Anche la popolazione di Cetara, altro splendido tassello del mosaico di borghi della “Divina Costiera”, nel
1585, accolse l’edificazione di un Convento di Frati Minori Osservanti con ardente spirito religioso. Poche
notizie sono state trasmesse a riguardo della vita comunitaria, se non quelle filtrate in seguito alle diverse
visite pastorali degli Arcivescovi, che, quando si recavano a Cetara e ad Erchie, trovavano riposo e alloggio
presso tal Convento. Il 2 luglio 1676 l’Arcivescovo Mons. Bologna visitò l’edificio francescano e fu informato
dal parroco del paese della presenza di otto frati che vivevano di elemosina, proprio sull’esempio del
serafico Francesco d’Assisi. Una scrittura del 3 marzo 1707 rende noto invece che in quell’anno si
rinvenivano nel Convento quattro Padri sacerdoti, due laici, un terziario e un Oratorio di cinquantasei
fratelli detto “Terz’Ordine” che vestivano tutti un saio nero. Uno di questi padri era responsabile
dell’istruzione dei bambini, rispettando una tipica convenzione con l’Universitas di Cetara. Durante il
periodo napoleonico, la minaccia delle Leggi Eversive aveva duramente messo in difficoltà la sopravvivenza
di questo monastero; in particolare, una circolare del 3 luglio 1811 ne preannunciava la soppressione.

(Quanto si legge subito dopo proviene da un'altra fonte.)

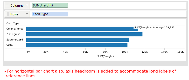 - For horizontal bar chart also, axis headroom is added to accommodate long labels of reference lines.
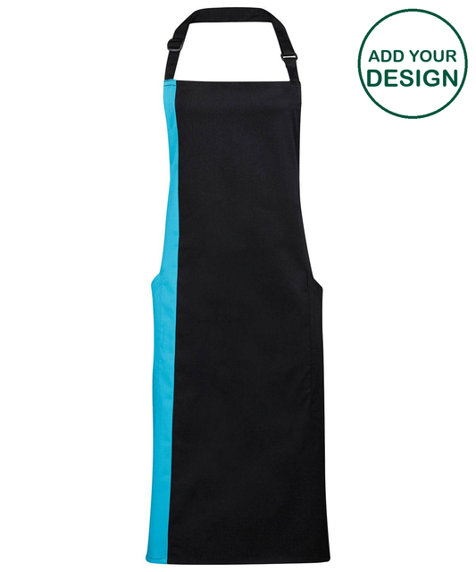 Premier - Tablier bavette contrasté - Noir/Turquoise - Ajoutez votre design/logo

L’Arcivescovo Miccù intervenne con una lettera il 6 novembre 1812 nella quale si rivolgeva all’Intendente
puntualizzando che, per il ridotto numero di sacerdoti secolari come “tralci nella vigna del Signore”, se
fosse stato soppresso il Convento, la Comunità di cetaresi sarebbe rimasta una popolazione di uomini
selvaggi, all’oscuro di sacramenti e completamente senza fede e spirito religioso, come pecore al pascolo
senza il Buon Pastore. La lettera dell’Arcivescovo indusse il Ministro a dare ordine all’Intendente della
Provincia di non prendere provvedimenti relativi al Convento degli Osservanti di Cetara e di allargare la
suddetta comunità con religiosi provenienti da altri Conventi. Dunque, la roccaforte francescana fu
risparmiata dalle leggi napoleoniche, allo stesso modo di come era avvenuto per i Monasteri dei Frati
Osservanti di Montoro e di Cava. Il 1886 fu la volta di una maggiore minaccia di soppressione, ma la Chiesa
del convento riuscì a cavarsela rimanendo aperta grazie soprattutto all’intervento dei marinai cetaresi, che
avevano sempre dimostrato una grande devozione per l’edificio, un’ammirabile devozione premiata dai
francescani che attendevano fino a tarda ora i pescatori per dare inizio tutti insieme ai sacri uffizi.